Global Macro/Metals: The nature of the current economic crisis, caused by a self imposed shutdown of sectors of the economy, is having a very unanticipated impact on financial markets. The price action seen in April, with negative oil prices and the sharp equity market rebound, has defied economists’ models and portfolio managers’ risk assumptions. Precious metals and in particular gold are unique in the commodity space where they are being priced in anticipation of future value (similar to equities) and hence driven by monetary policies and flows more than other commodities where a sharp drop of demand will impact price until supply is adjusted. Flows have been channelled through risky asset classes at the expense of safer assets, gold prices were quite sustained (+6%) given a long liquidation outflow of more than 2.5bn by money managers showing some long term interest. In base metals, supply should recover quicker than demand. The Chinese ‘infra rush’ with the government focus on infrastructure stimulus post-lock down will benefit certain metals, in particular copper, nickel and zinc (all 3 up around 5% in April).

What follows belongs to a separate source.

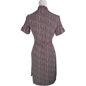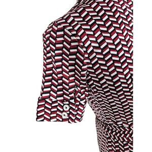 The Ann Taylor LOFT red and white short sleeve V-neck wrap dress in woman's size 6 petite is a versatile and stylish addition to any wardrobe. Made from polyester fabric with stretch, this knee-length dress features a tie closure and a geometric pattern. Perfect for casual outings, workwear, or business meetings, this wrap dress is designed for comfort and style. The classic and colorful theme makes it a great choice for the summer, fall, and spring seasons, adding a touch of personality with its unique accents. Easy to care for with machine washable instructions, this dress is a must-have for petite women looking for a flattering and fashionable option.
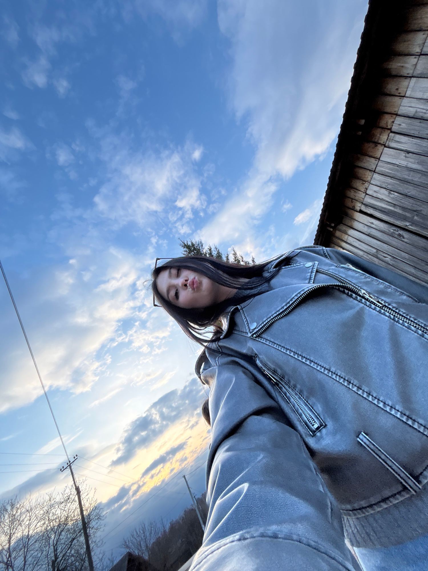 A woman with long dark hair, wearing a gray leather jacket and dark-rimmed glasses, is taking a selfie from a low angle. Above her is a bright blue sky with scattered white clouds. To the left, weathe…read more

Energy: On the 20th April, the May WTI contract closed at minus US37.6/bbl, in negative territory for the first time ever on its last day of trading due to the physically backed nature of the contract at a delivery point (cushing) seeing unprecedented oil surplus and storage capacity constraints at a speed where the industry did not have time to adapt. Since then, supplies have started to decline very quickly, the last weekly inventory number in crude oil was within one standard deviation from the seasonal average. Refining margin being excellent, we see that the storage is also shifting to gasoline and distillates. Creative storage from boats to rail cars is also created given the high incentive to do so (the sharp contango could not be expected to last). Nevertheless, supply and demand balance is not yet reached, with the cost of shutting down production overweighting the benefit of producing at a loss. With global demand cuts circa 23 miob/d in mid-April (its worst), demand is expected to improve over the next few weeks (with the release of the lockdowns) and could reach the current supply cuts of 12.5 Mio b/d in June or early July depending on the pace of the reopening of the economy. The clearing of the accumulated inventory will take time with a lot of uncertainty, particularly if supply cuts are not followed or if some US producers with low marginal cost decide to pump again. April 2020 is likely to remain the month where crude oil experienced the largest swings in its history.

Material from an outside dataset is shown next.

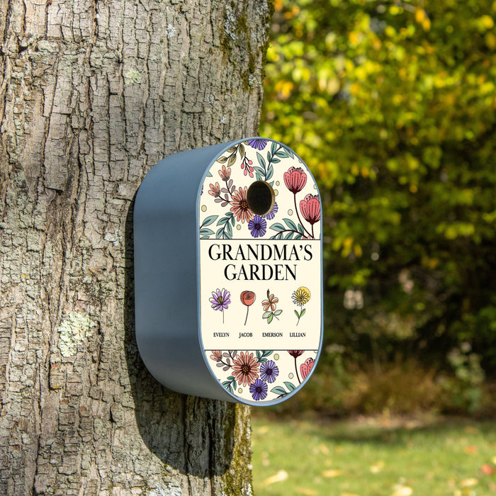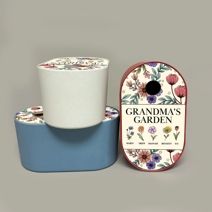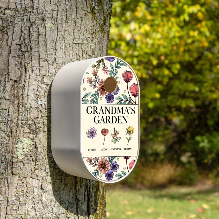 This charming Grandma's Garden birdhouse features a vibrant floral design and can be personalized with each grandchild’s name beneath a flower—creating a heartfelt tribute in her outdoor space.

Agriculture: Weak ethanol and feed demand is weighing on corn prices and is coming in a situation where, even with lower corn acreage, grains could go lower in price. The livestock markets saw several high profile food processors shut down due to viral contagion among employees (lean hogs down 6% in April, live cattle down 7%).

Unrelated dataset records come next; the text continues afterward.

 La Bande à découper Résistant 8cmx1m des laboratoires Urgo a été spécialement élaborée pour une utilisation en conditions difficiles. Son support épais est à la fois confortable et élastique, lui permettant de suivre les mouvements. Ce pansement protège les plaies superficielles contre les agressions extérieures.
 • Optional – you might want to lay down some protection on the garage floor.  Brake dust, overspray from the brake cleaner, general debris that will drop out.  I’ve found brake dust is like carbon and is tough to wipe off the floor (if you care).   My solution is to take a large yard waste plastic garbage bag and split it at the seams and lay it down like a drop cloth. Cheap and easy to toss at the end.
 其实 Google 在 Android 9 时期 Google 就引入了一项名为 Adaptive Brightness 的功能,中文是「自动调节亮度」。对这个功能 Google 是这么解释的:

Volatility: Volatility tends to be down overall in April although we remain in a high volatility regime. Government stimulus packages and potential lift of lockdown in various places seem to have brought back some optimism. The sharpest volatility decline was in the equity sector which has had a tendency to lead throughout the crisis. The VIX is down from 53.54% to 34.15% while the VSTOXX is down from 48.59% to 33.91%. The increased optimism also supported a decline of volatility in the precious metal complex, with implied volatility for gold down from 24% to 20% and for silver down from 42% to 31%, each about 60% down from their March peaks. Crude volatility also appears to have peaked for the time being, barely down on the month from 165% to 164%, but way down from its mid-April peak of 344%. It remains however astonishingly high, due to concerns over oversupply and storage limitation. In contrast, volatility is slightly up in the agricultural sector with implied volatility for corn up from 23% to 27% and for soybean from 16% to 17%, with a steady underlying price decline since the beginning of the coronavirus crisis.